China: Detention of artist for Financial Times interview on Tiananmen condemned

The Chinese authorities must end the persecution of people attempting to mark the 25th anniversary of the Tiananmen crackdown, Amnesty International said after a Chinese-born Australian artist who was interviewed by the Financial Times newspaper became the latest person to be detained for giving a media interview on Tiananmen.

Police in Beijing took Guo Jian, 52, away shortly after the publication of an interview in the Financial Times.

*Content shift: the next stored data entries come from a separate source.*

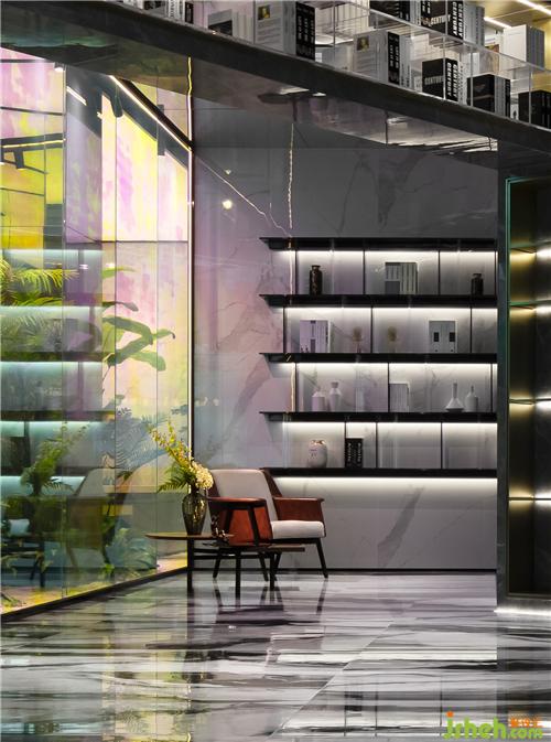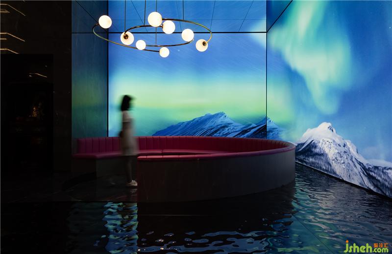 入口休閑區(qū)穿插著多媒體的形式以呈現(xiàn)最佳的展示效果,借助這種方式,讓客戶在虛擬場景空間中慢慢享受科技帶來的全新感受。漫步其中,伴隨輕柔音樂律動(dòng)而產(chǎn)生迷離虛幻的動(dòng)感畫面,虛擬的極光映襯在水面上,在空間中融合科技元素,創(chuàng)造出獨(dú)特的沉浸式場景體驗(yàn),勾引人們對未知世界的探索欲望??偛空箯d設(shè)計(jì)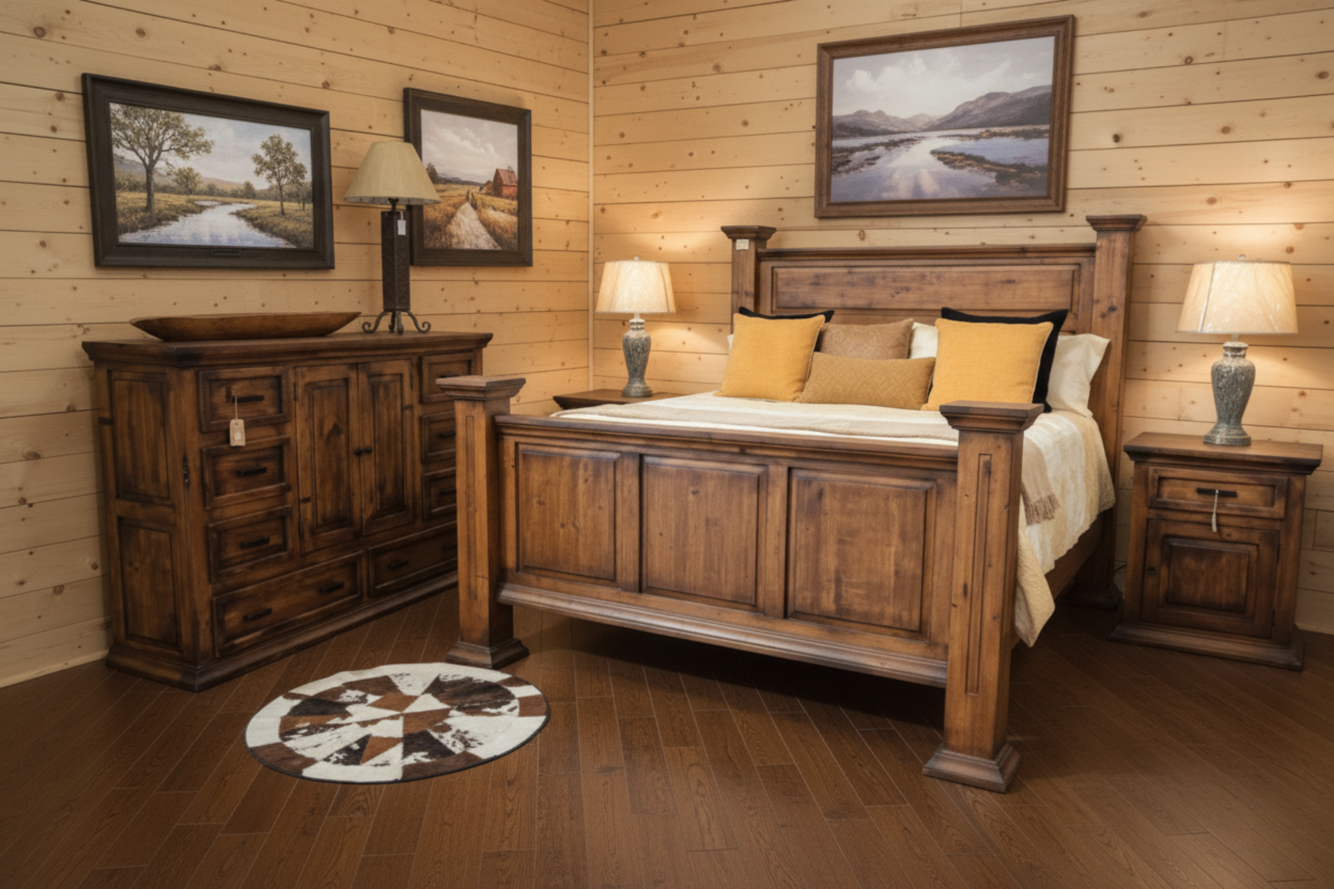 The Floresville Bedroom Set brings together Rustic charm with a Modern feel. It features a mix of smooth and rough textures and Modern Drawer Pulls and Drawer Slides. Available in 4 Wood Stain options- Old West, Walnut, Oldie Toasted, and Chestnut.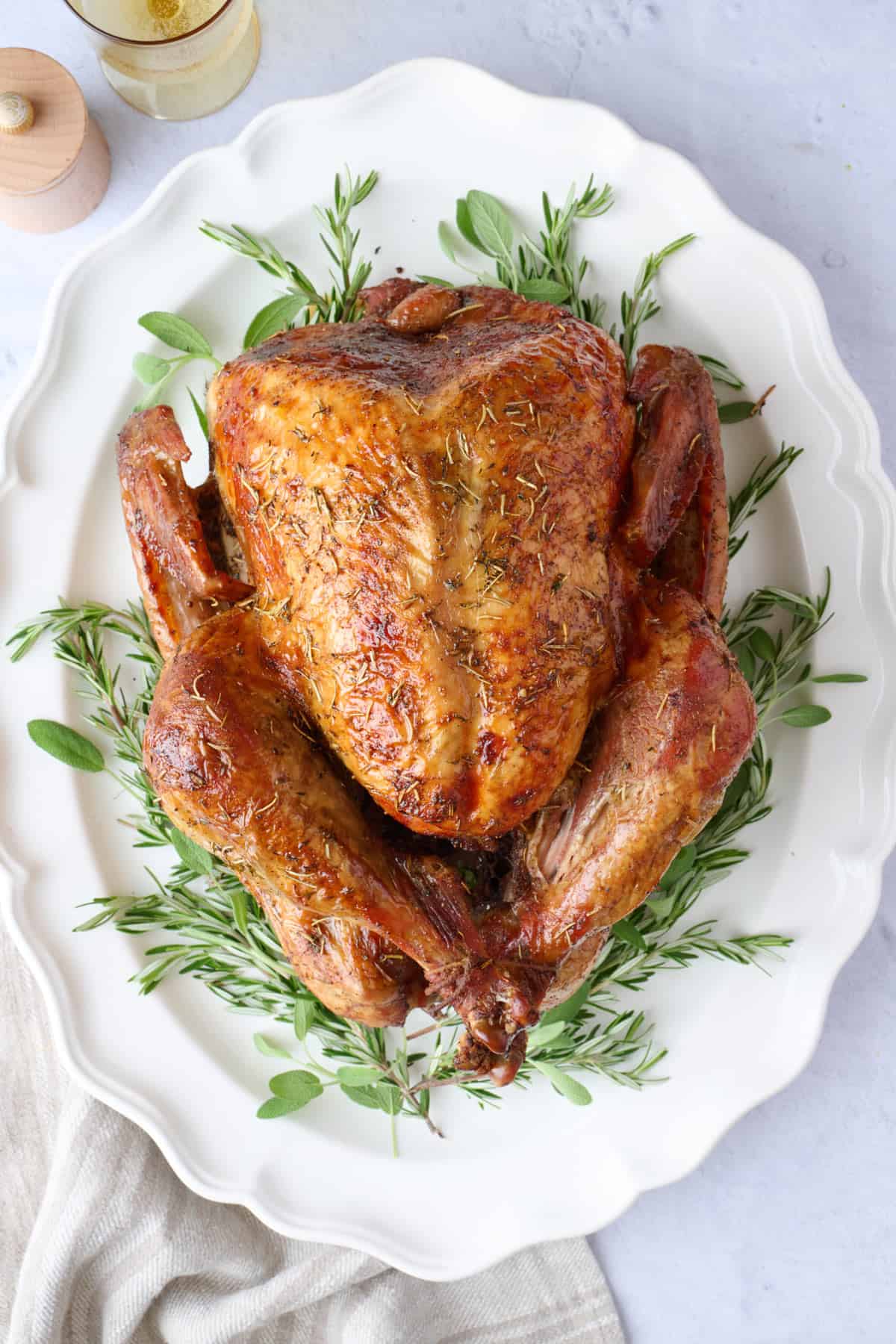This dry brined turkey is made with a herb-loaded salt rub, resulting in a moist turkey with browned, crispy skin.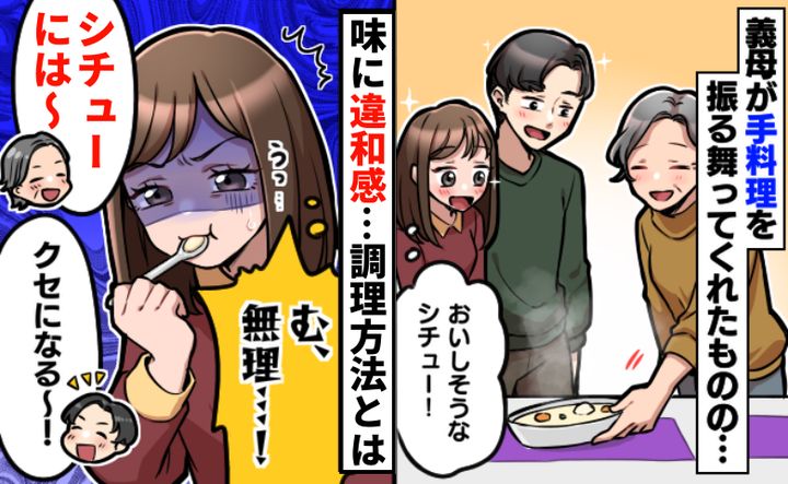 3. 義母の手料理に絶句「む、無理…!」夫はおいしそうに食べるけど…ひと口食べて違和感!調理方法とは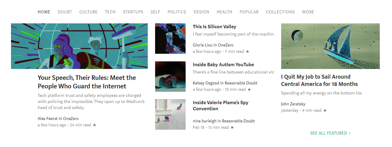 Вот так выглядит домашняя страница Medium, если у изображений выставлено свойство на светло-голубой (lightblue) и на :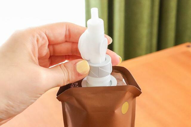 詰替用についているキャップを取り、封をするようにノズルをつけるだけ。

Amnesty International China Researcher William Nee, said:

“Guo Jian is the latest victim of the Chinese authorities’ merciless campaign of repression ahead of the Tiananmen anniversary. He, along with the scores of others detained for peacefully speaking out about the bloodshed of 1989, must be immediately released.

“This current wave of detentions ahead of 4 June is harsher than in recent years.

“The intimidation of journalists and their contacts shows the deplorable lengths the authorities are prepared to go in their efforts to wipe the bloodshed of 1989 from memory.

“However, the world remembers. People will continue to mark the anniversary despite the authorities’ efforts.”

Amnesty has received numerous reports of activists being warned by police not to speak to foreign media ahead of this coming Wednesday, 4 June, while foreign journalists and their local staff have noted an increase in harassment in recent weeks.

Scores of activists have been detained, or placed under house arrest or questioned by police in recent weeks for attempting to commemorate the victims of the Tiananmen crackdown in June 1989, when hundreds - if not thousands - of unarmed protesters and civilians were killed or injured.

Meanwhile in London an event organised by Amnesty, ‘Reclaiming Tiananmen’, which takes place tomorrow has been the subject of an apparent sabotage campaign. Phantom mass-bookings have been attempted so that the event appears sold out, presumably by someone supportive of the Chinese government’s repressive aims.

Remembrance event in London this week

On Wednesday at 11am, 25 survivors and other dissidents related to Tiananmen will go to the Chinese embassy in London, dressed in black, with Amnesty International UK Director Kate Allen, where they will lay red and white roses in an act of defiance against the Chinese government and of remembrance for those who died.

Because the steps of the embassy are officially Chinese territory, the flower-laying is a direct act of defiance of the Chinese government’s ban on commemorating the crackdown.